Office of the President
Dr. Patrick T. Harker is the 26th president of the University of Delaware. He also serves as professor of business administration in the Alfred Lerner College of Business and Economics and professor of civil and environmental engineering in the College of Engineering.
Coast Day 2010
Cannon Lab, Lewes
October 3, 2010
Welcome to Coast Day 2010! I thank Dean Targett, the entire college, and Delaware Sea Grant for putting on such terrific celebration year after year.
2010 marks the 40th anniversary of what is now the College of Earth, Ocean, and Environment. I want to congratulate everyone associated with the college for 40 years of science, research, and action on behalf of our marine and coastal resources—not just here in Delaware but, truly, around the world. Could we give them a round of applause?
There’s at least one new guest at today’s celebration—all 400 feet of her. Our campus-powering wind turbine is such a terrific example of Delaware’s commitment to leading this nation toward a sustainable-energy future.
And “leading” really has been our mission this year. While the Deepwater Horizon was still gushing oil into the Gulf of Mexico, Dean Targett was helping convene the U.S. research community on response efforts. She later briefed Vice President Biden’s office on our biggest scientific challenges and the coordination of non-federal assets. Meanwhile, our underwater glider was in the Gulf gathering data on sea-surface temperatures to track oil flow and direction.

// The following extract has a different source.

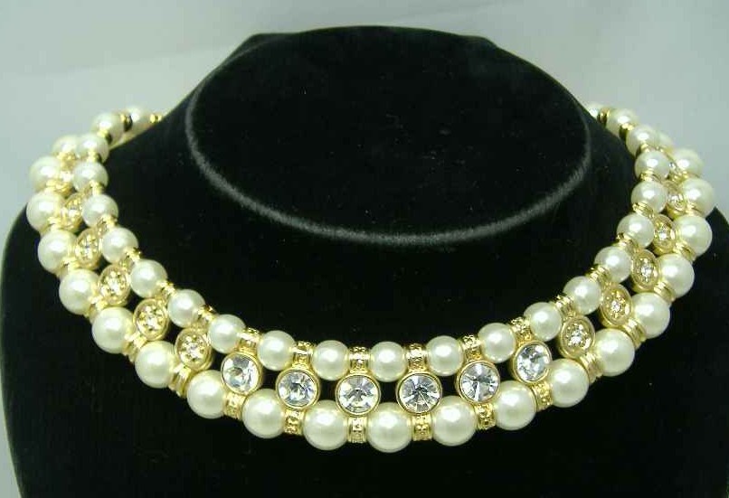 Vintage 80s Faux Pearl Bead & Diamante Choker Necklace

When a huge ice island cleaved from the Petermann Glacier in northern Greenland, it was this college that processed the raw data from the event. And it was UD Professor Andreas Muenchow whom Congress called on to weigh in on whether the event was related to climate change.

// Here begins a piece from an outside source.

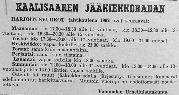 Kaalisaaren jääkiekkoradan käyttöajat talvikaudelle 1962 julkaistiin.

We’re on the vanguard of environmental science because we’re investing in it. Two new satellite-receiving stations—among just a handful on the East Coast—are giving us real-time data on land and ocean-surface conditions and atmospheric changes. Meanwhile, our global visualization lab integrates different data streams to give us a holistic—and incredibly realistic—look at exactly what’s going on in our ocean.

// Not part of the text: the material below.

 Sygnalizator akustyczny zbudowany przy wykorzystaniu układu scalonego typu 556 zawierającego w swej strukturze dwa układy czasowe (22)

This sort of cutting-edge technology—and the breakthrough research that goes along with it—makes Delaware a critical resource for scientists across the country. And it makes this state one of the most watched places on the planet—literally and figuratively.
You’re in this mission with us. For nearly 20 years, as part of UD’s Citizen Monitoring Program, volunteers throughout the state have been collecting water samples from Delaware’s bays, rivers, streams, and wetlands to help us measure important water-quality characteristics. This data is just as important as what we get from satellite feeds and underwater robots. It gives us a great picture of the watershed’s health and helps us preserve an ecosystem I know we all cherish deeply.
And that’s our ultimate mission: to preserve this amazing landscape for generations to come. That’s what fuels our science, our research, our policy and practice. And that’s what brings us together today.
So I hope you eat well, learn a lot, and have a fantastic time.